Download Patch File Download Diff File Expand all files Collapse all files

98
docs/design-principles.md Normal file
View File

@@ -0,0 +1,98 @@
# Design Principles
The non-negotiables behind every SilverMetal decision. When something is unclear, return to this list.
## 1. Privacy by default, not as an option
Every SilverMetal device ships with maximum privacy settings *out of the box*. The user does not have to know what to turn off. The advanced toggles allow loosening for specific needs; the defaults are tight.
## 2. Honesty over marketing
We never claim a hardening tier we cannot deliver. The Windows profile is labelled "config-layer hardening." The iOS profile is labelled "profile-layer only — weakest tier in the family." Where competitors claim "uncrackable," we describe the actual threat model and limitations.
If we cannot defend against a class of adversary, we say so. See [`threat-model.md`](threat-model.md).

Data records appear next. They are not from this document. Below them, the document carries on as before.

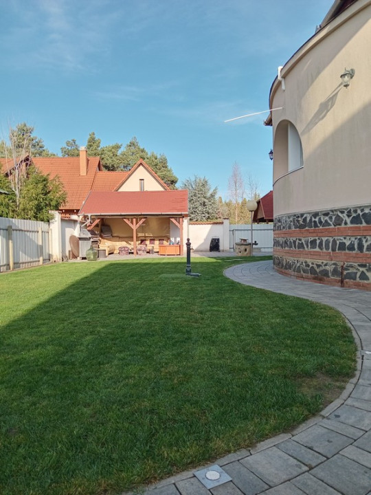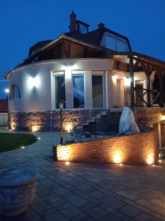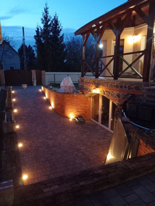 A gyönyörűen kialakított udvar igazi ékkő: füvesített terület, térkőburkolat, melynek kövei közé számos hangulatvilágítás került beépítésre, így az esti órákban is különleges atmoszférát nyújt. Az udvaron filagória, valamint szalonnasütő is helyet kapott, ideális baráti és családi összejövetelekhez.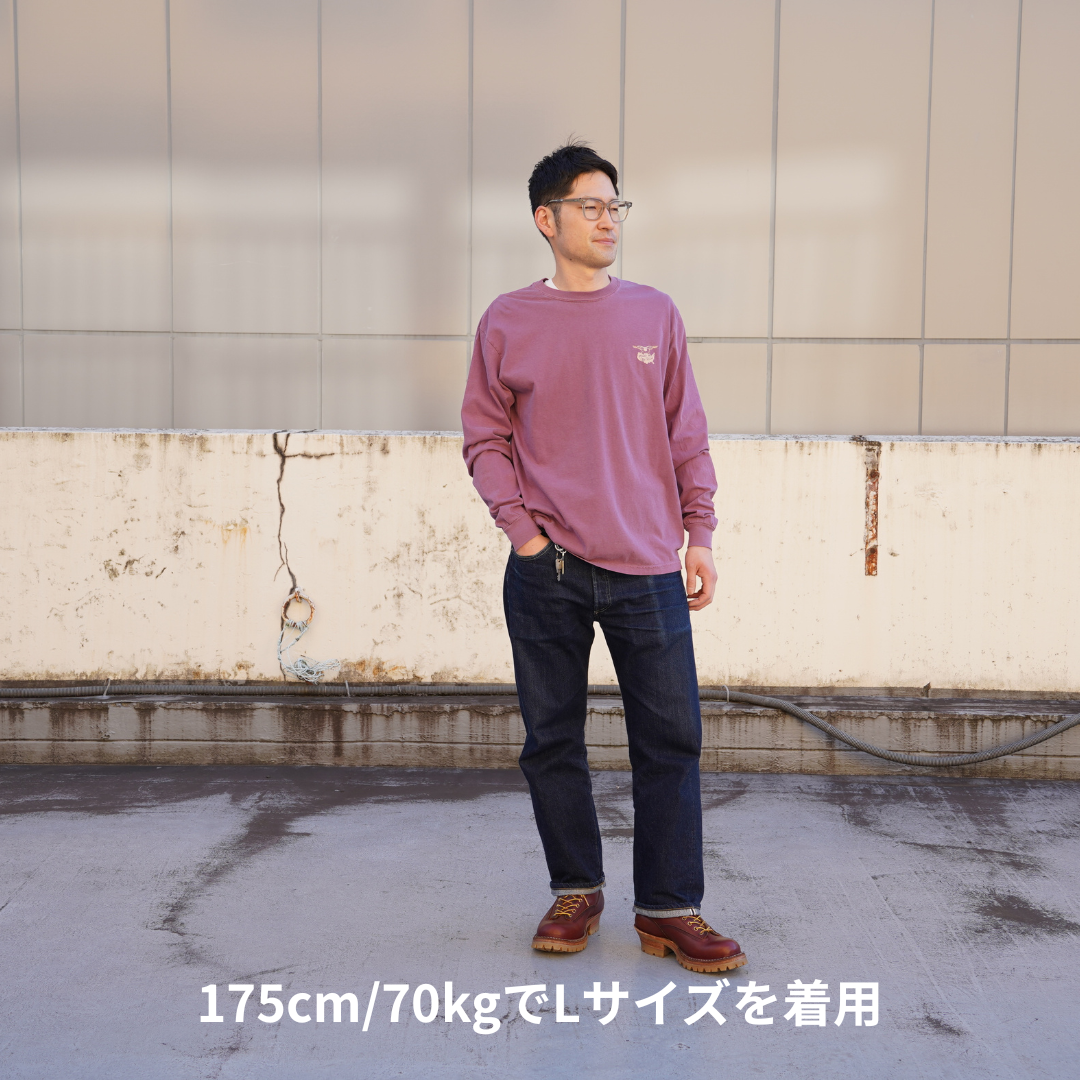 ボディにはピグメント加工(顔料染め)を施したUSED感のある表情のヘビーオンスコットンを使用。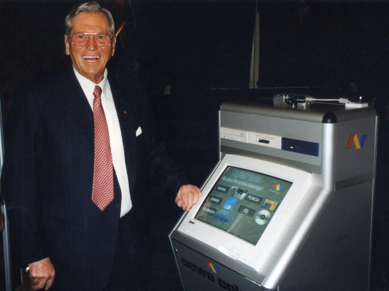 die Geräte sind grundsätzlich rot - sind die Geräte zweifarbig, so ist dies ein Hinweis auf die weitere Möglichkeit des Sofortdrucks. Sind Sie einfarbig, so sind nur Bestellungen (Labor) möglich. Um jetzt mal etwas aus dem Nähkästchen zu plaudern.... Mitte der 90er wurde die erste Digitalstation von uns entwickelt. Sozusagen der Vorgänger der heutigen Geräte. Unser Firmengründer Senator Heinz Neumüller stellte das erste Gerät 1997 auf der Hauptversammlung vor. Mit diesem Schritt offerierten wir dem Fotofachhandel neue Dienstleistungswege. Im Herbst 1997 wurde die erste digitale Annahmestelle in einem Fotofachgeschäft integriert und die Bestellung über das Web wurde möglich. Auf dem Foto befinden sich von links nach rechts, Wulf Schmidt-Sacht, Senator Heinz Neumüller und unser gegenwärtiger Vorstandsvorsitzender Dr. Rolf Hollander. Ich liebe dieses Bild! Alle sind stolz wie Bolle :-) Gemeinsam mit der Firma Agfa stellten wir 2001 die neuste Entwicklung der Digitalstation vor. Erstmals im roten Gewand und in kompakter Form. Damals hieß das Gerät "DigiFilm Maker". 2002 wurde das Produktsortiment der Geräte erweitert. Auf dem Foto befinden sich Michael Korn (Agfa) und Wulf D. Schmidt-Sacht (CeWe Color) 2003 der TXL mit erweiterter Bestellfunktion und großem Touch-Display. 2013 Der MXL mit Möbel und schickem Widescreen :-) Sylke Re: Einfach, schnell und direkt vor Ort - SofortfotosVielen Dank für den ausführlichen Bericht, war sehr interessant!

## 3. Two buyer modes, every platform
Every platform must serve both:
- The buyer choosing a new device — we sell a preflashed SilverMetal SKU
- The buyer hardening an existing device — we ship a free self-apply track (installer / ROM / profile + Stack)

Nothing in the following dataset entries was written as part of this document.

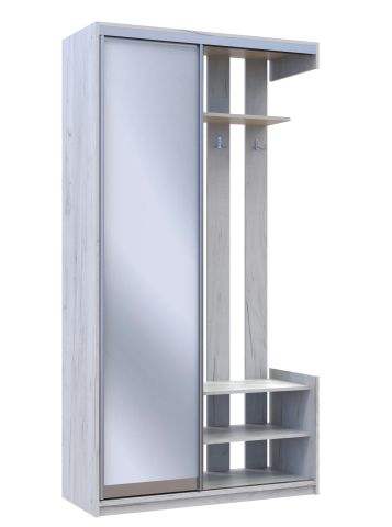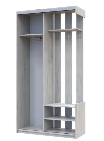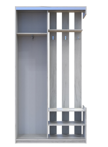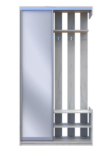 передпокій представлений цільною конструкцією, складається з: шафи з висувною штангою для вішалок, полиць для взуття та вішака з гачками та полицею для головних уборів |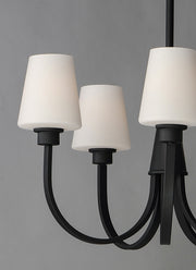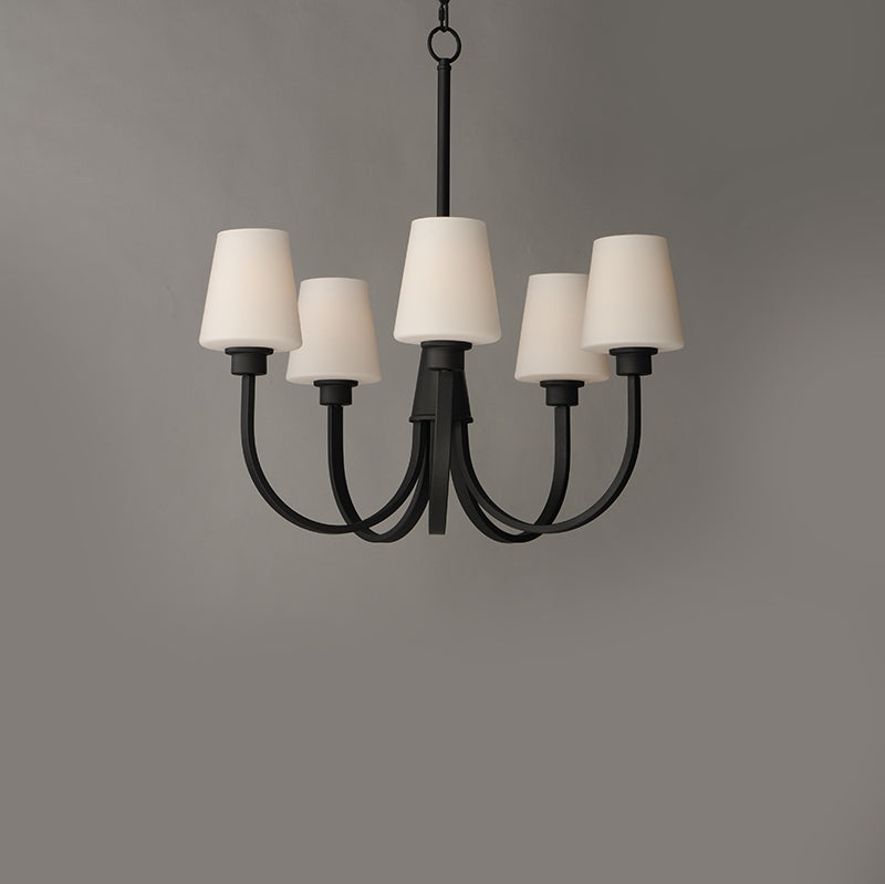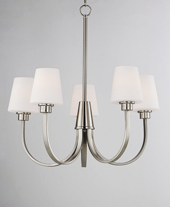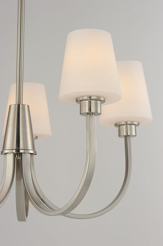 Graceful arcs of rectangular tubing transition to round cups that support tapered Satin White glass shades creating a crisp and clean transitional design. The frame is finished in your choice of Satin Nickel or Black which bridges modern and transitional design aesthetics.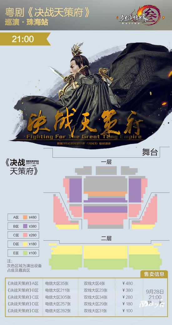 《剑网3》主题粤剧《决战天策府》巡演·珠海站将于10月18日20:00在珠海大剧院盛大开演!演出门票将于今晚21:00在游戏内商城实体周边专区上架售卖,门票按座位所处区域分为五等,同时开放售卖。侠士购买成功后可使用道具打开网站填写身份证信息,于10月18日当天凭登记的身份证原件在珠海大剧院兑换门票并现场领取粤剧定制主题背挂[劫海龙旗]。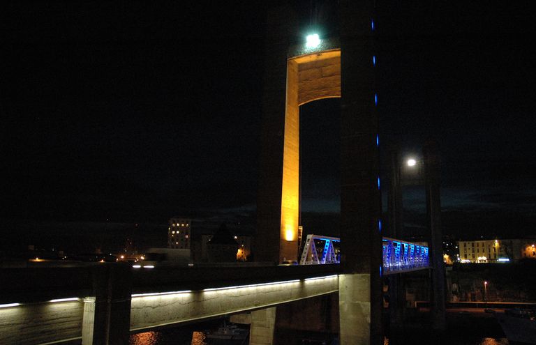 Vue générale du pont de Recouvrance la nuit : mise en lumièreImmatriculation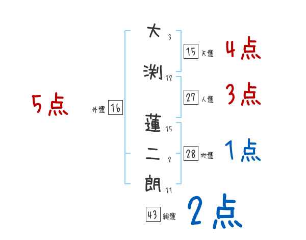 天運![]() | 大渕蓮二朗さんの天運は15画の4つ星!人徳があり出世する。順調に物事を進め円満な人生。 家系が持つ宿命的な運勢を表します。祖先から受け継いだ苗字ですので自分の力が及びません。家柄を象徴します。 |

No platform is premium-only. No platform is DIY-only.
## 4. Verifiable, not just open
Open source is necessary but not sufficient. Every SilverMetal release ships with:
- **Reproducible builds** — two clean builds of the same commit produce identical artefacts
- **Signed releases** — our key, key ceremony documented, key offline
- **SBOM published** — every dependency, every version
- **Build attestation** — signed proof the published artefact came from the published source
A user who doesn't trust us can verify what we ship.

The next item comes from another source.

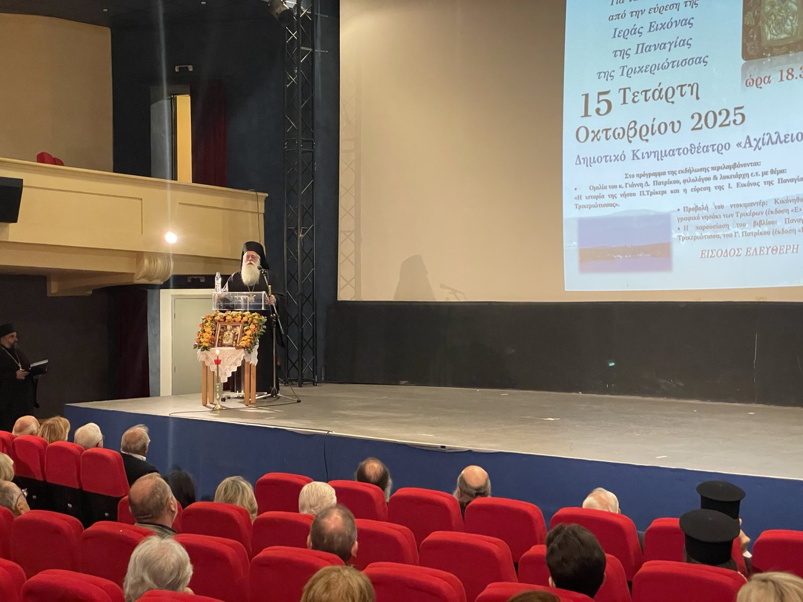 Επετειακή εκδήλωση αφιερωμένη στα 200 χρόνια (1825–2025) από τη θαυματουργική εύρεση της Ιεράς Εικόνας της Παναγίας της Φανερούσας ή Φανερωμένης ή Τρικεριώτισσας πραγματοποιήθηκε χθες στο Κινηματοθέατρο «Αχίλλειον» από τον Σύλλογο Συμπαραστάσεως Κρατουμένων «Ο Εσταυρωμένος» σε συνεργασία με τον φορέα πολιτισμού της Ιεράς Μητροπόλεως Δημητριάδος «Μαγνήτων Κιβωτός» για τη διάσωση του πολιτιστικού αποθέματος.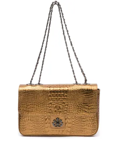 gold-tone foldover top two chain-link shoulder straps main compartment embossed crocodile effect

## 5. Minimum data architecture
SilverLABS itself collects the minimum data required to operate. Specifically:
- **Account numbers, not emails** — Mullvad-style anonymous identifiers
- **No analytics, no telemetry** — including in our own apps
- **No log retention** beyond what's operationally required (typically <24h, never longer than necessary for abuse mitigation)
- **Client-side encryption** for SilverSync content — server cannot read user data
- **Payment isolation** — payments processed via SilverDotPay (cryptocurrency option) or stripe-like processor with no link back to account number
When a subpoena lands on us, the answer to most questions is "we don't have it."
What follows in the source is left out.